该数据集显著提升了视觉语言模型(Vision-Language Models,VLMs)在结构化信息处理与基于知识的问答任务中的性能表现。作为LLaVA-OneVision-1.5开源计划的一部分,我们将此数据集公开分享给社区,以期推动视觉语言模型领域的研究进展,并促进行业内的进一步突破。
## ⚙️ 使用说明
尽管本数据集本身质量优异,我们建议将其与FineVision数据集进行去重并合并,以获得更出色的训练效果。
## 🚀 示例用法
以下是快速入门指南,演示如何结合Hugging Face `transformers`库使用LLaVA-OneVision-1.5模型进行推理。
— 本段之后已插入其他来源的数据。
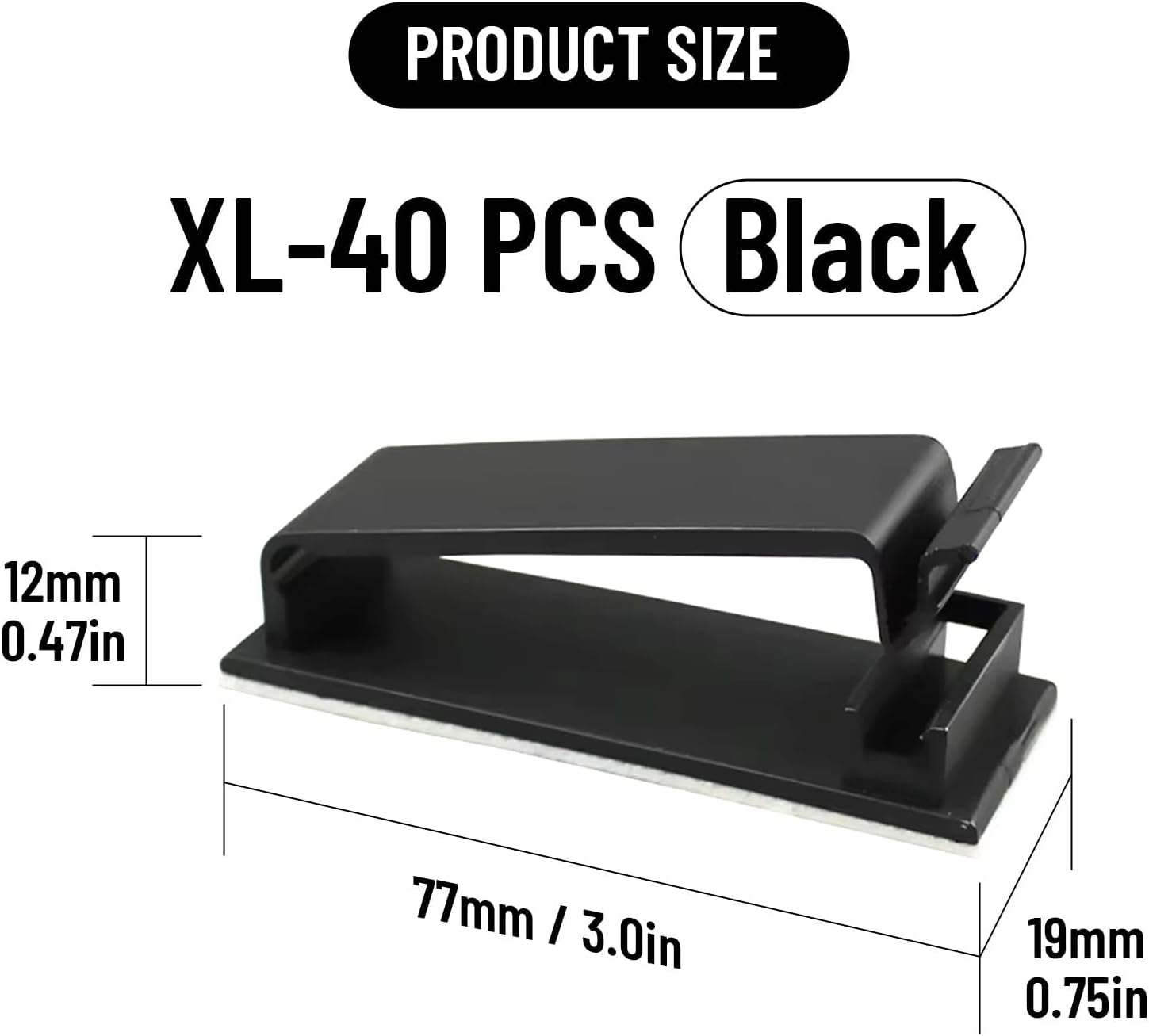 Adhesive Cable Clips Holder, Outdoor Light Clips, Black Cord Wire Clips, Sturdy Nylon Cord Wall Finisher Wire Clamp for Home, Car, Office Desk Wire Management (Black, XL-40 PCS)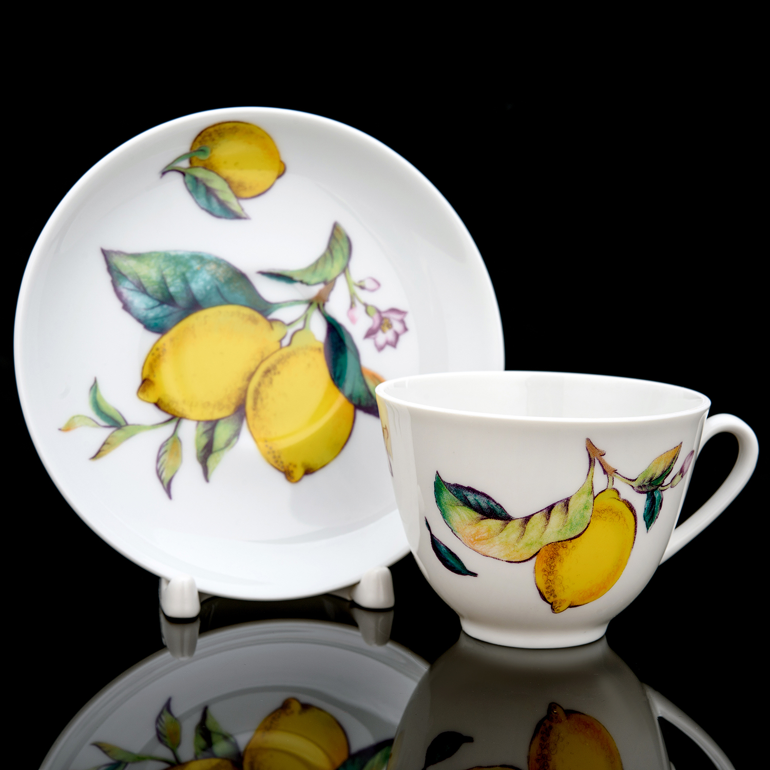 Русские подарки и сувениры → Посуда → Чайные пары → Чайная пара 250 мл "Лимоны". Форма Весенняя. ИФЗ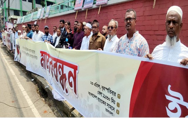 বৃহস্পতিবার (২৩ এপ্রিল) দুপুরে সিলেট নগরীতে ইসলামী ব্যাংকিং গ্রাহক ঐক্য পরিষদের উদ্যোগে অনুষ্ঠিত মানববন্ধনে বক্তাগণ উপরোক্ত কথা বলেন।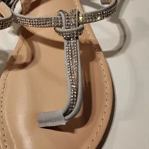 Party Festival Date Night Travel Vacation Cruise Resort Shiny rhinestone T-strap sandals by VENUS. Soft padded footbed for comfort. Adjustable ankle strap for a secure fit. Sparkling detail adds dressy appeal. (GREAT CONDITION)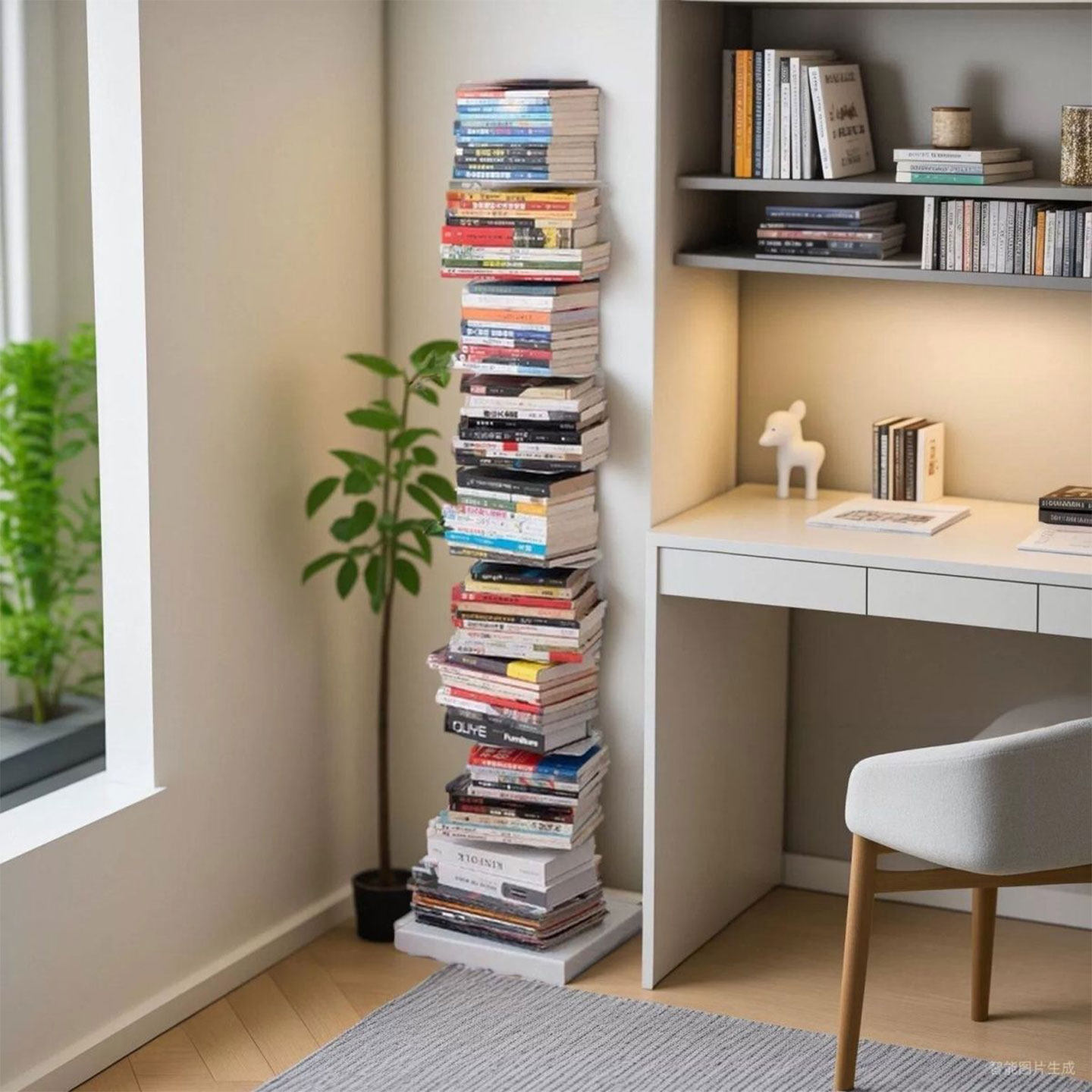 📚 隐形书架落地置物架铁艺简易立式书柜客厅角落一体靠墙书本收纳架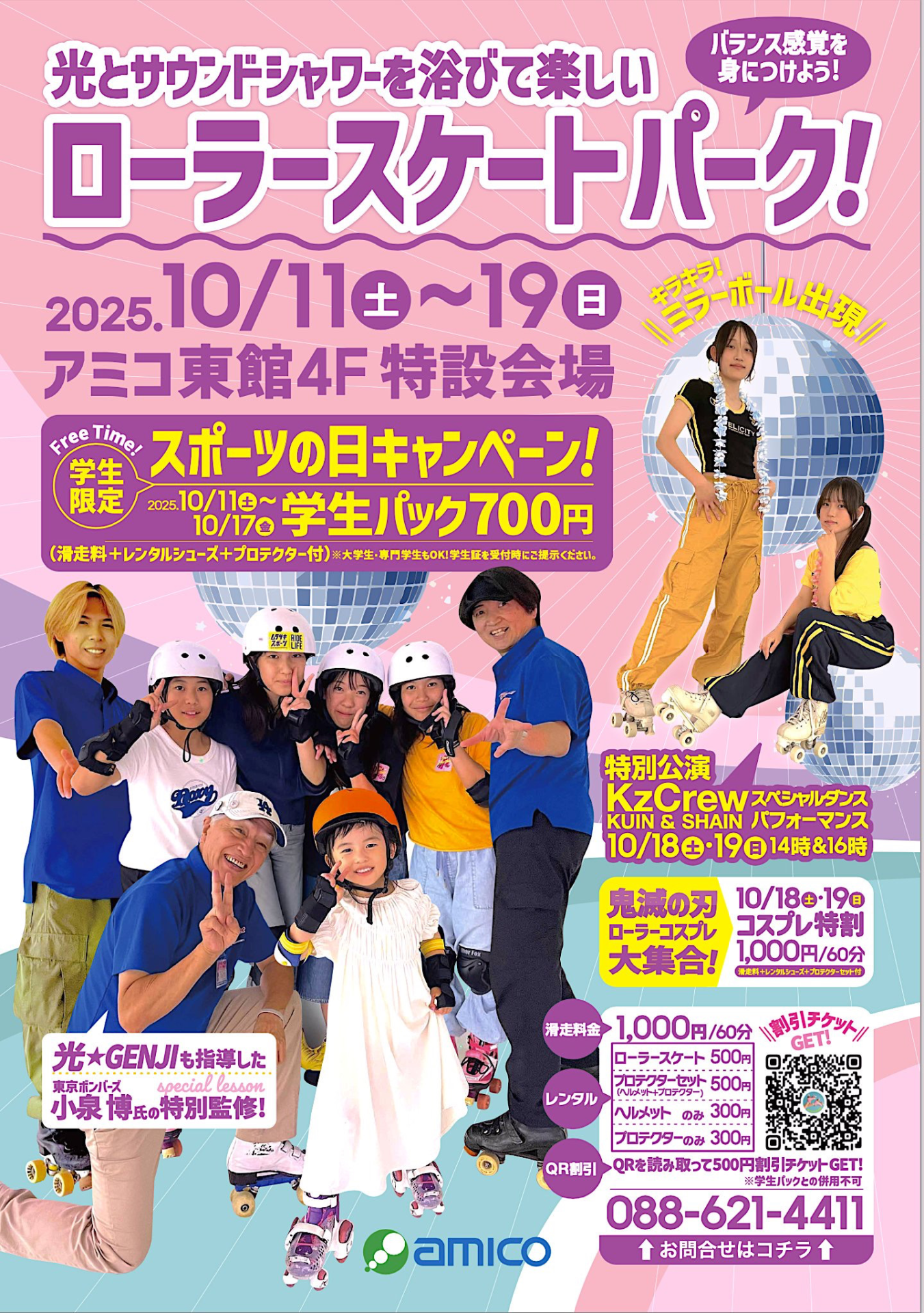 ローラースケートパーク開催!! 開催:2025年10月11日~2025年10月19日 ローラースケート体験会がローラースケートパークにパワーアップして開催!! 10月11日~10月17日の期間は、学生証提示で学割あり!! ぜひ、この機会に滑走してみませんか?

该代码片段直接取自项目GitHub仓库。
python
from transformers import AutoTokenizer, AutoProcessor, AutoModelForCausalLM
from qwen_vl_utils import process_vision_info
model_path = "lmms-lab/LLaVA-One-Vision-1.5-8B-Instruct"
# default: Load the model on the available device(s)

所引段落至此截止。